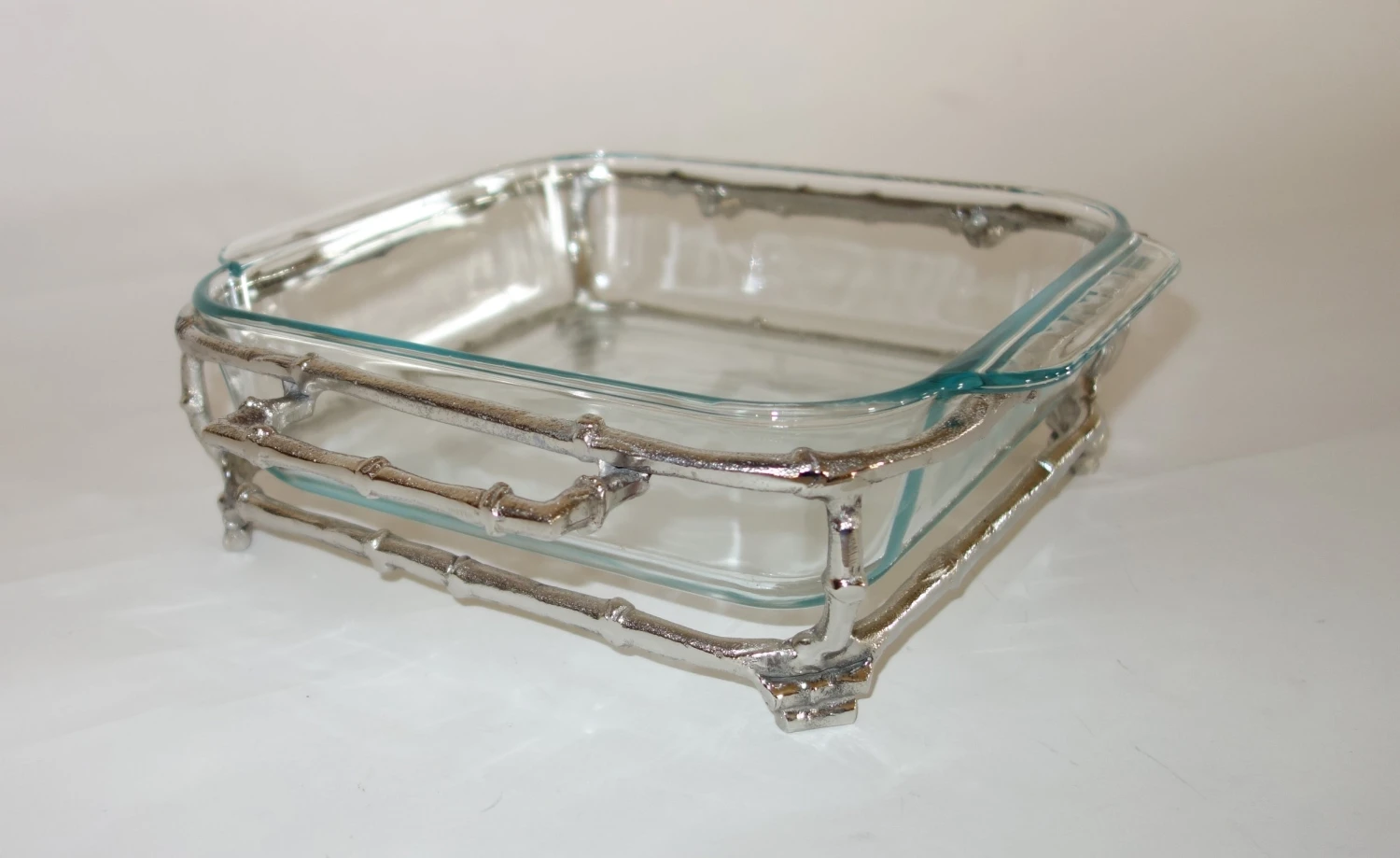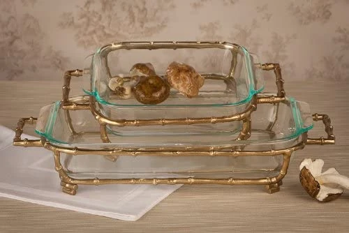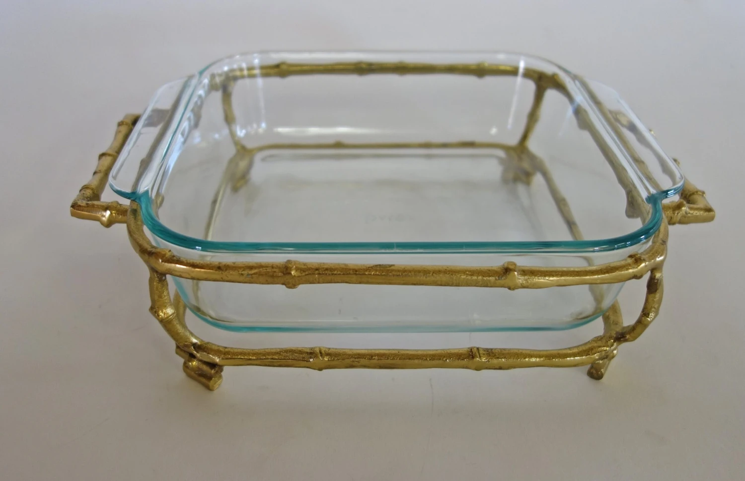 Show off your culinary creations with an elegant flair when you place them before your guests in this beautiful Asian-inspired gold color Bamboo-Look Pyrex Holder. This piece makes an exquisite presentation on your dining table, buffet or countertop. Includes glass baking dish. Pyrex dish made in the U.S.; holder made in India. Glass dish only is dishwasher safe; metal holder can be wiped clean with damp cloth. Pyrex dish is oven safe to 450 F.
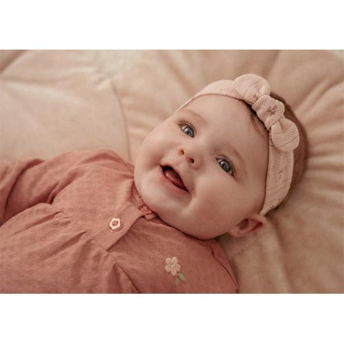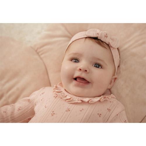 Vous avez le choix entre un bandeau en pointelle rose pâle avec des fleurs délicates et un bandeau uni en tissu fin et structuré.
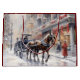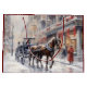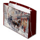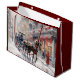 Eine Urlaubsstickettasche mit einer klassischen viktorianischen Urlaubssammlung einer Stadtwelt mit Gebäude in roten Bögen, Urlaubsshoppern und einer gezeichnet Pferdekutsche, die sich durch den schneebedeckten Abend zieht.
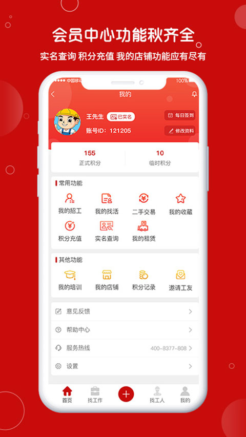 1、如何获得积分? 进入“会员中心”->“获取积分”,有邀请工友、充值和签到三种方式,具体方法如下:【签到获取积分】点击“每日签到"->获得积分,签到每日获得1临时积分-连续签到7天获得1正式积分。【邀请工友获取积分】点击“去邀请”->分享到微信、朋友圈、QQ或者QQ空间,工友通过你分享的链接完成授权或注册,即可获得积分,积分获取无上限。 2、正式积分与临时积分? 积分为正式积分和临时积分。正式积分可一直使用;临时积分仅限当天使用,第二天自动清零,当正式积分为0时,不能使用临时积分。 3、已招到人,如何停止已发布的招工信息? 进入“会员中心”->“我的发布”里面找到“已发布招工”选择具体的招工信息,点击“删除”即可。 4、如何筛选合适的工作信息? 可根据城市、工种、价格等条件,筛选您需要的工作信息。 5、商家如何申请商家入驻? 点击周边建材店->在“商铺列表”右边找到“商家入驻”-如实填写即可申请。更新日志
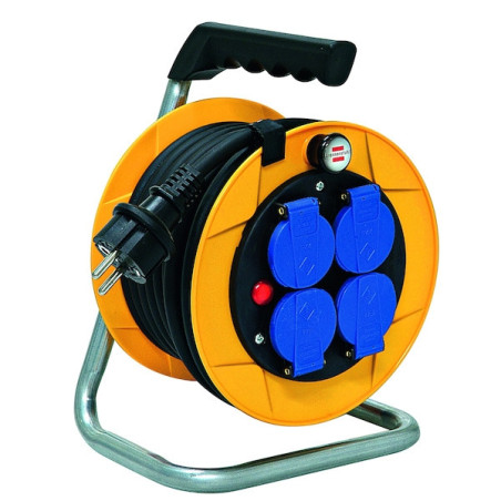 4 prises 2P+T 16A/230V à clapets.Poignée de transport ergonomique.Bouton tournant.Puissance maxi : câble déroulé 3500W. câble non déroulé 1000W.Disjoncteur thermique.
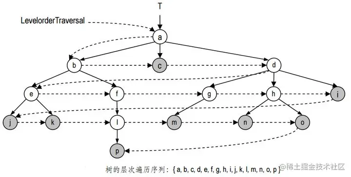 除了上述两种最常见的遍历算法,还有其它一些遍历算法,层次遍历(Traversal by level )算法就是其中的一种。在这种遍历中,各节点被访问的次序取决于它们各自的深度,其策略可以总结为“深度小的节点优先访问”。
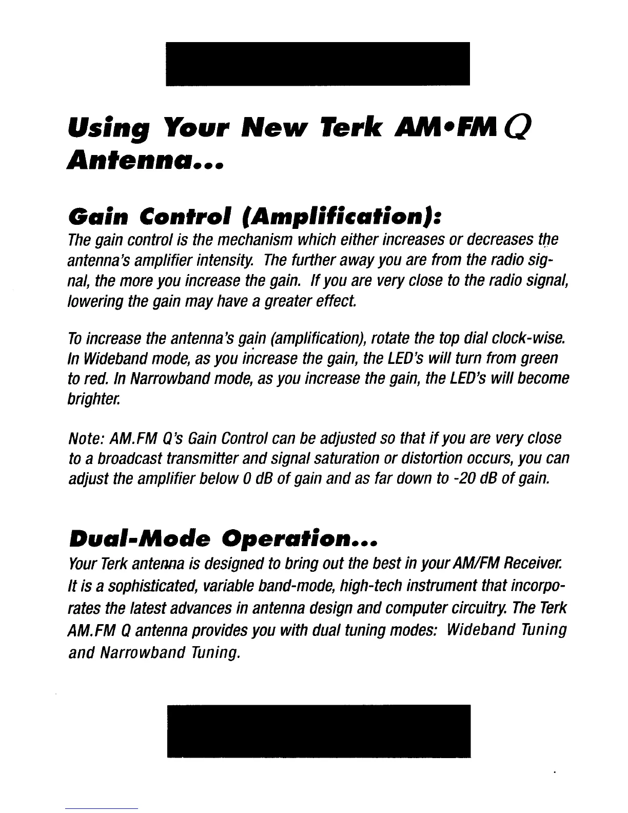 TERK Technologies AF-1 - Using Your New Terk AM-FM Q Antenna; Gain Control (Amplification); Dual-Mode Operation
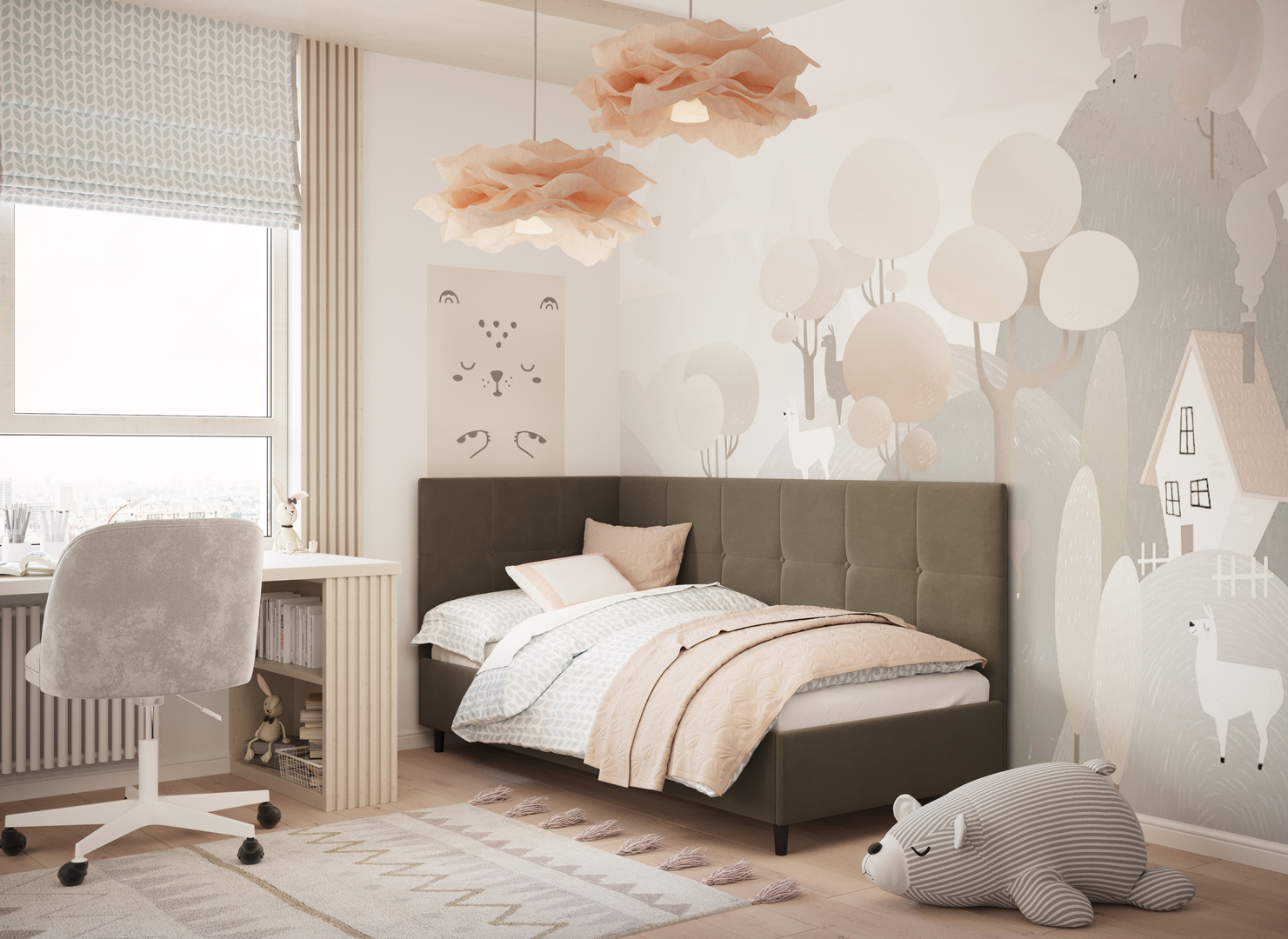 MOON FAMILY 1261 объединяет функциональность и стиль, создавая гармоничное пространство для отдыха и творчества. Кровать доступна в левостороннем и правостороннем исполнении, что позволяет легко адаптировать ее под любые интерьерные особенности.
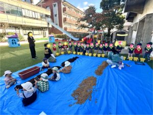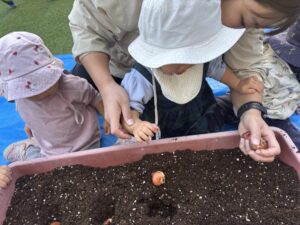 『先生絶対まちがえてるよ』ムードの子どもたち。小さな球根がチューリップになるなんて信じられない様子です💦
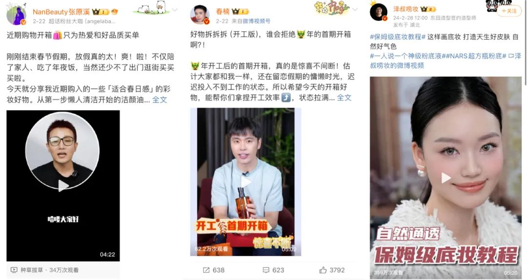 就以今年一季度为例,雅诗兰黛新品白金粉底液发布时,唐毅便携手艺人佟晨洁共同打造了妆教视频,依靠“龙年开运妆”完成对新品种草;植村秀推广琥珀洁颜油时,和明星化妆师春楠、张原溪进行开箱种草合作,流量与互动量均颇为可观;NARS超方瓶与泽叔打造保姆级底妆视频教程,观看量达361万;艾杜纱选择华天崎作为眼彩大师推荐官,对新款睫毛膏卖起了安利……
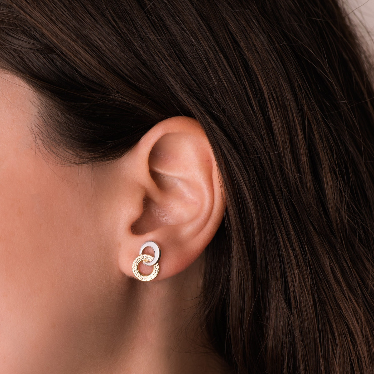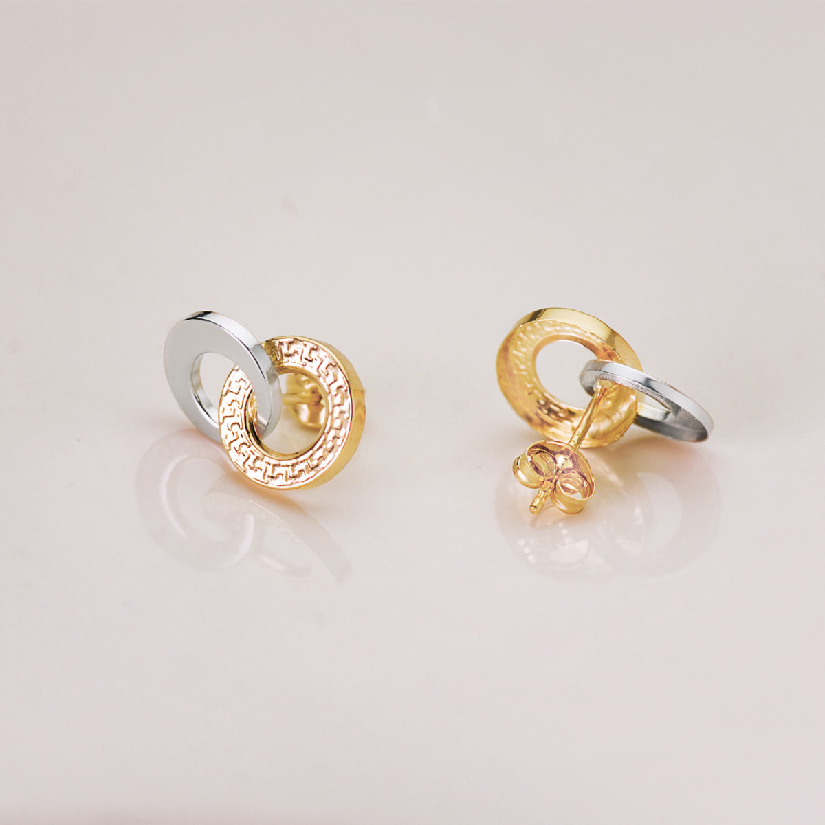 18K PENDIENTES ORO BICOLOR DOBLE ARO LISO Y GRECA 13 X 9 MM. CIERRE PRESION
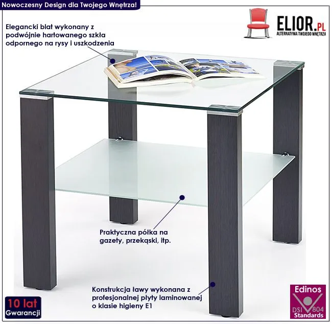 W Twoim wnętrzu brakuje miejsca na spokojne przejrzenie prasy z kubkiem gorącej herbaty? Pomyśl o zakupie eleganckiej i komfortowej ławy! Z przyjemnością przedstawiamy Ci najnowszy stolik kawowy Teris marki Elior. Produkty Elior charakteryzują się wyrazistym designem i dbałością o każdy detal mebla, a wdzięk i nowoczesność, jak również mocna i stabilna konstrukcja, to cechy najnowszej ławy Teris. Jej wyjątkowy styl zachwyci Cię od pierwszego wejrzenia.
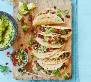 För guacamolen: 1 liten vitlöksklyfta, 2 mtsk grovhackad koriander, 1 grön chilli, skivad, 2 avocados, halverade och urkärnade, juice 1 lime. För salsan: 110g packet granatäpplefrön, 1 grön chilli, fintärnad, 1 liten vitlök, fintärnad, en liten handfull färsk koriander, hackad, servera med 8-12 majstortillas, chipotle eller annan hot sauce, gräddfil eller kokosnötsyoghurt.
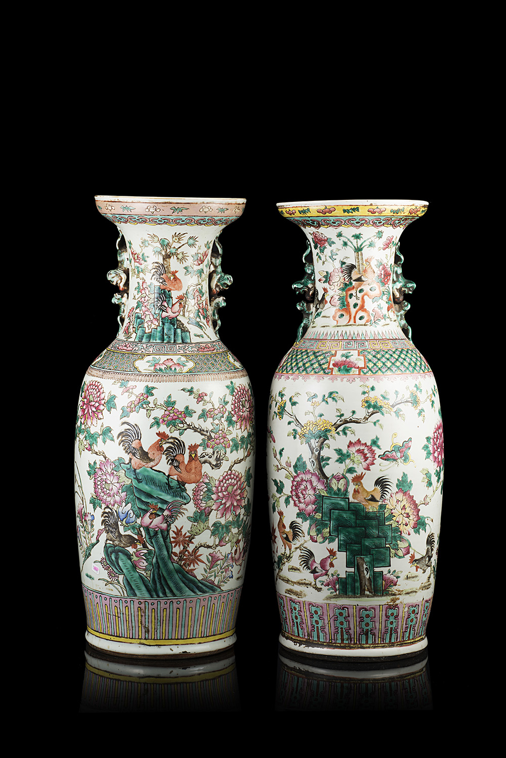 Due vasi biansati in porcellana Famiglia Rosa con anse a guisa di leoni buddhisti decorati con galli e peonie, basi in legno
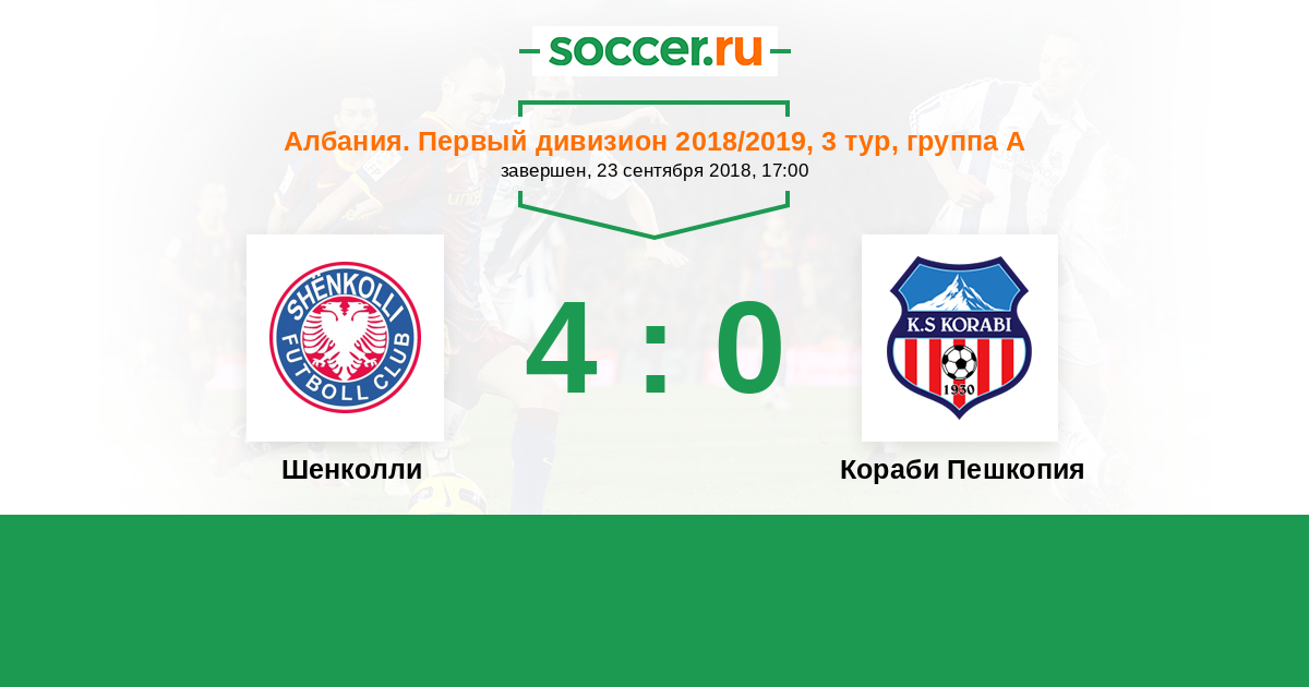 Шенколли - Кораби Пешкопия: обзор матча 23 сентября 2018

══════════════════════════════

◆ What to produce: Leave out the pictures and repeat the remaining data exactly.

◆ Exercise output:
 Show off your culinary creations with an elegant flair when you place them before your guests in this beautiful Asian-inspired gold color Bamboo-Look Pyrex Holder. This piece makes an exquisite presentation on your dining table, buffet or countertop. Includes glass baking dish. Pyrex dish made in the U.S.; holder made in India. Glass dish only is dishwasher safe; metal holder can be wiped clean with damp cloth. Pyrex dish is oven safe to 450 F.
 Vous avez le choix entre un bandeau en pointelle rose pâle avec des fleurs délicates et un bandeau uni en tissu fin et structuré.
 Eine Urlaubsstickettasche mit einer klassischen viktorianischen Urlaubssammlung einer Stadtwelt mit Gebäude in roten Bögen, Urlaubsshoppern und einer gezeichnet Pferdekutsche, die sich durch den schneebedeckten Abend zieht.
 1、如何获得积分? 进入“会员中心”->“获取积分”,有邀请工友、充值和签到三种方式,具体方法如下:【签到获取积分】点击“每日签到"->获得积分,签到每日获得1临时积分-连续签到7天获得1正式积分。【邀请工友获取积分】点击“去邀请”->分享到微信、朋友圈、QQ或者QQ空间,工友通过你分享的链接完成授权或注册,即可获得积分,积分获取无上限。 2、正式积分与临时积分? 积分为正式积分和临时积分。正式积分可一直使用;临时积分仅限当天使用,第二天自动清零,当正式积分为0时,不能使用临时积分。 3、已招到人,如何停止已发布的招工信息? 进入“会员中心”->“我的发布”里面找到“已发布招工”选择具体的招工信息,点击“删除”即可。 4、如何筛选合适的工作信息? 可根据城市、工种、价格等条件,筛选您需要的工作信息。 5、商家如何申请商家入驻? 点击周边建材店->在“商铺列表”右边找到“商家入驻”-如实填写即可申请。更新日志
 4 prises 2P+T 16A/230V à clapets.Poignée de transport ergonomique.Bouton tournant.Puissance maxi : câble déroulé 3500W. câble non déroulé 1000W.Disjoncteur thermique.
 除了上述两种最常见的遍历算法,还有其它一些遍历算法,层次遍历(Traversal by level )算法就是其中的一种。在这种遍历中,各节点被访问的次序取决于它们各自的深度,其策略可以总结为“深度小的节点优先访问”。
 TERK Technologies AF-1 - Using Your New Terk AM-FM Q Antenna; Gain Control (Amplification); Dual-Mode Operation
 MOON FAMILY 1261 объединяет функциональность и стиль, создавая гармоничное пространство для отдыха и творчества. Кровать доступна в левостороннем и правостороннем исполнении, что позволяет легко адаптировать ее под любые интерьерные особенности.
 『先生絶対まちがえてるよ』ムードの子どもたち。小さな球根がチューリップになるなんて信じられない様子です💦
 就以今年一季度为例,雅诗兰黛新品白金粉底液发布时,唐毅便携手艺人佟晨洁共同打造了妆教视频,依靠“龙年开运妆”完成对新品种草;植村秀推广琥珀洁颜油时,和明星化妆师春楠、张原溪进行开箱种草合作,流量与互动量均颇为可观;NARS超方瓶与泽叔打造保姆级底妆视频教程,观看量达361万;艾杜纱选择华天崎作为眼彩大师推荐官,对新款睫毛膏卖起了安利……
 18K PENDIENTES ORO BICOLOR DOBLE ARO LISO Y GRECA 13 X 9 MM. CIERRE PRESION
 W Twoim wnętrzu brakuje miejsca na spokojne przejrzenie prasy z kubkiem gorącej herbaty? Pomyśl o zakupie eleganckiej i komfortowej ławy! Z przyjemnością przedstawiamy Ci najnowszy stolik kawowy Teris marki Elior. Produkty Elior charakteryzują się wyrazistym designem i dbałością o każdy detal mebla, a wdzięk i nowoczesność, jak również mocna i stabilna konstrukcja, to cechy najnowszej ławy Teris. Jej wyjątkowy styl zachwyci Cię od pierwszego wejrzenia.
 För guacamolen: 1 liten vitlöksklyfta, 2 mtsk grovhackad koriander, 1 grön chilli, skivad, 2 avocados, halverade och urkärnade, juice 1 lime. För salsan: 110g packet granatäpplefrön, 1 grön chilli, fintärnad, 1 liten vitlök, fintärnad, en liten handfull färsk koriander, hackad, servera med 8-12 majstortillas, chipotle eller annan hot sauce, gräddfil eller kokosnötsyoghurt.
 Due vasi biansati in porcellana Famiglia Rosa con anse a guisa di leoni buddhisti decorati con galli e peonie, basi in legno
 Шенколли - Кораби Пешкопия: обзор матча 23 сентября 2018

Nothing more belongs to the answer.